The performance metrics that were widely used to evaluate the predicting results of the models were precision and recall. The results are summarized in Table 4.

Furthermore, a statistical significance test was conducted to compare the results of the two models. From the evaluation, the first model with the dropout layers has the highest accuracy rate with (90.65%), while the second model without the dropout layer has the lowest accuracy rate with (76.70%).

In this study, we need to insert some dropout layers into some specific places on our CNN to overcome the overfitting barrier and get high results. It is difficult to use some CNNs architecture like ResNet or SENet because they are heavy and take long time in training, and it is difficult to control the overfitting problem easily in such architecture due to the difficulties in changing their architecture. VGG and Inception V3 are also very heavy networks in training and it is difficult to change their architecture to control the overfitting problem too.

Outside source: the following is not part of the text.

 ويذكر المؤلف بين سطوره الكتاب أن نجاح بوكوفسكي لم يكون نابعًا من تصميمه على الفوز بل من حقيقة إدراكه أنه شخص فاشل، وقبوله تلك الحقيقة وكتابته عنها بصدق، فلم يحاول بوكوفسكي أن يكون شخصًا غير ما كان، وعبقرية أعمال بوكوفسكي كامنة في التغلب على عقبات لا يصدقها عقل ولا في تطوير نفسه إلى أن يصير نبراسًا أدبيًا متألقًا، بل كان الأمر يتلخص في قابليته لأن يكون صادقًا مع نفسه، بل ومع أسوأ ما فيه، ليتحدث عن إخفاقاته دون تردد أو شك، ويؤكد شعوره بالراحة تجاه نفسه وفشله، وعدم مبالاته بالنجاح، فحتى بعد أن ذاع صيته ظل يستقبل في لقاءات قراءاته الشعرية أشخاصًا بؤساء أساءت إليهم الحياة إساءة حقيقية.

This paper is based on Cohen’s methods [20]. Cohen’s methods measure the degree of agreements amongst the assigned labels correcting for agreement by chance. In the evaluation, the number of unseen images is 1764, which is not included in the training dataset to evaluate the performance of each model. We found that the number of errors in the image predicting using a second model without dropout layers is larger than the number of errors in the first model with dropout layers.

5. Conclusions

In this paper, we propose a new deep learning convolutional neural network designed to create a new model that can recognize the ethnics of people through their facial features. The new model is compared with two state-of-the-art models, VGG and Inception V3, and the validation accuracy is calculated for each convolutional neural network. Two models from the proposed convolutional neural network are created with dropout layers and without dropout layers to discover the effect of the regularization in the performance of the models.

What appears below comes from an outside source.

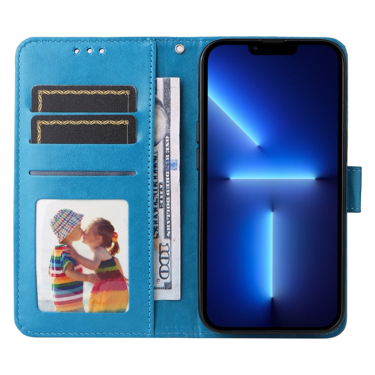 Estuche para teléfono iPhone 13 Pro cuero con estampado de girasol en relieve (Azul)
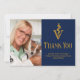 Custom navy blue and gold veterinary school graduation thank you cards with the veterinarian medical caduceus next to your graduate photo. Customize these cards of thanks with chic script next to your photograph for your animal clinic.

A new dataset is collected to use in the training phase to identify the ethnics of people through images from three different regions. This dataset is considered as the first dataset collected for ethnics of people and that will be available for the research community. Another unseen dataset is collected to evaluate the performance of our two models, and a statistical significance test is conducted to evaluate the performance of the two models.

Data Availability

The collected dataset has been uploaded to the following ULR: https://drive.google.com/file/d/1brRMSh7XDR7h5awgXudQXBqxAIiYSHy_/view?usp=sharing.

Disclosure

The funding sponsors had no role in the design of the study; in the collection, analyses, or interpretation of data; in the writing of the manuscript; and in the decision to publish the results.

Conflicts of Interest

The authors declare that there are no conflicts of interest regarding the publication of this paper.

Acknowledgments

This work was supported in part by the National Natural Science Foundation of China (Grant nos. 61836009 and 61702175), the Fund of State Key Laboratory of Geo-Information Engineering (no. SKLGIE2018-M-4-3), the Open Fund of Key Laboratory of Intelligent Perception and Image Understanding of Ministry of Education (no. IPIU2019007), the fund of Hubei Key Laboratory of Transportation Internet of Things (no. WHUTIOT-2019004), and the Natural Resources Scientific Research Project of Department of the Natural Resources of Hunan Province (no. 201910).